Starting at the line below that contains "Luxury Black Stone" and ending at the line that contains "水遊びをスタートしたばかりの", retype each line exactly as it stands, but omit the pictures.

• _DATA SHOWN_:
*****
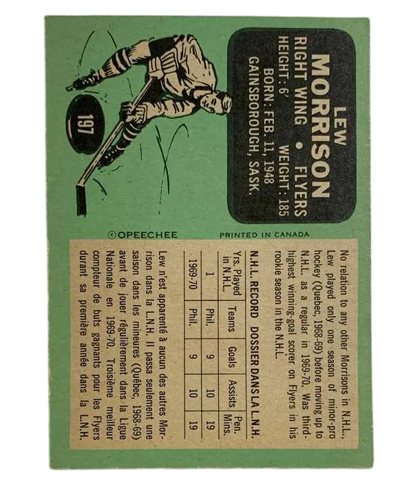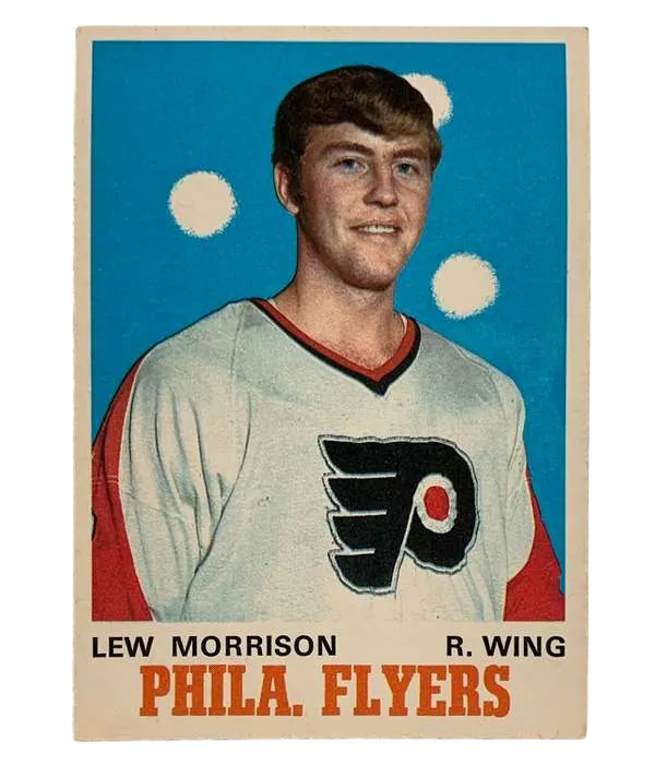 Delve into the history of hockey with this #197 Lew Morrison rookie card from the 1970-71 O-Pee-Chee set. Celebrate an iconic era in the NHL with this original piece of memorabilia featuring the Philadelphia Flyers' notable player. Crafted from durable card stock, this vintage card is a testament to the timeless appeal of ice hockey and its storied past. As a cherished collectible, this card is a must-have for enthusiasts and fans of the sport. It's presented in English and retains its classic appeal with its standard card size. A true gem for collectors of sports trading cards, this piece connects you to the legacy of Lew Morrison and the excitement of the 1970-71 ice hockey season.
*****
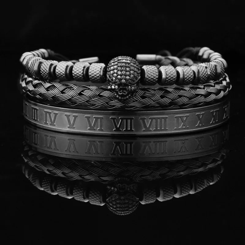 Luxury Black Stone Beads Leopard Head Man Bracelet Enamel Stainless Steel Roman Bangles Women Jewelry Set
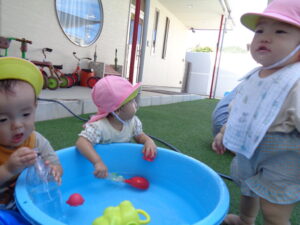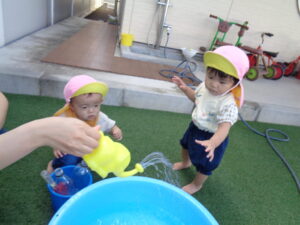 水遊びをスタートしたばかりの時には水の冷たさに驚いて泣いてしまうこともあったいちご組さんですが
*****
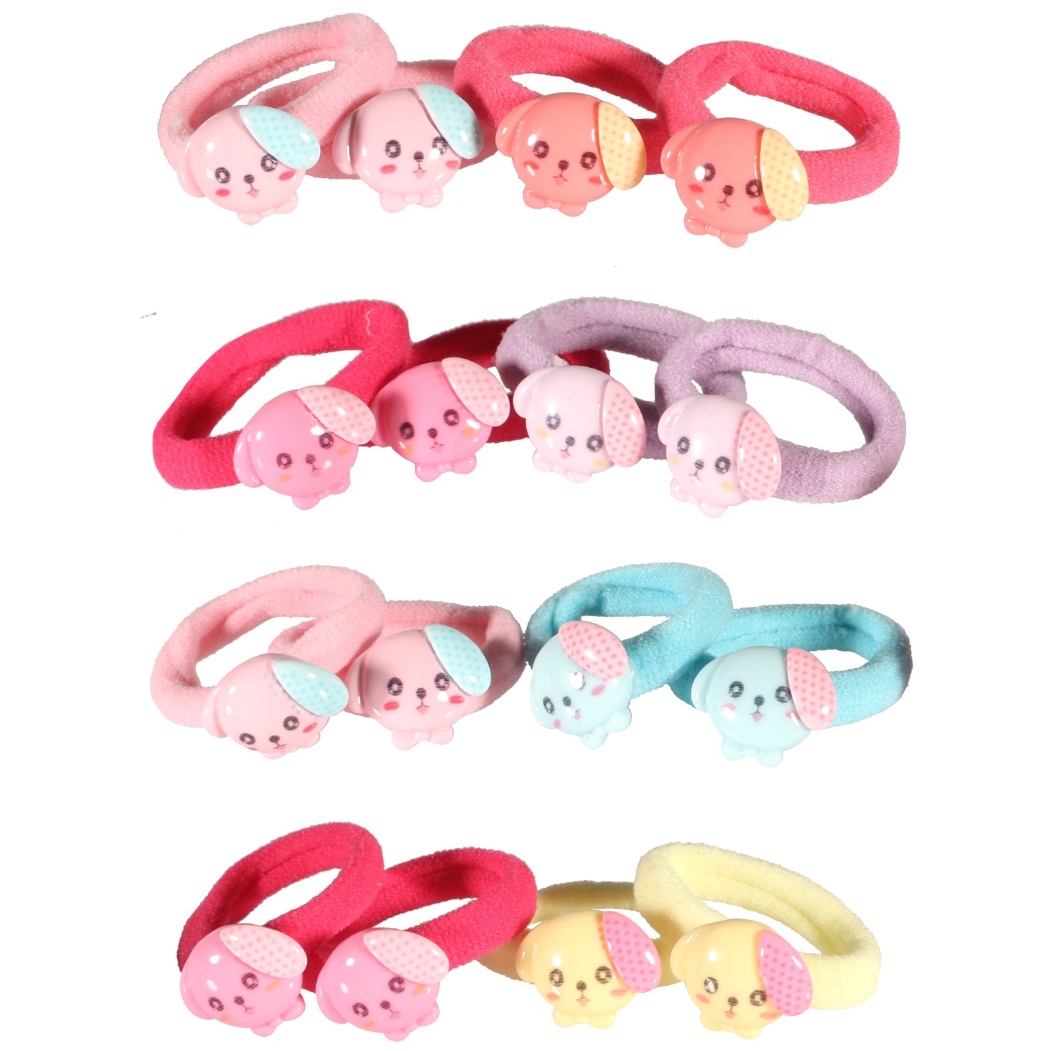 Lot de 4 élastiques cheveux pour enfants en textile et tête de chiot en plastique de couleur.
*****
• _OUTPUT BELOW_:
 Luxury Black Stone Beads Leopard Head Man Bracelet Enamel Stainless Steel Roman Bangles Women Jewelry Set
 水遊びをスタートしたばかりの時には水の冷たさに驚いて泣いてしまうこともあったいちご組さんですが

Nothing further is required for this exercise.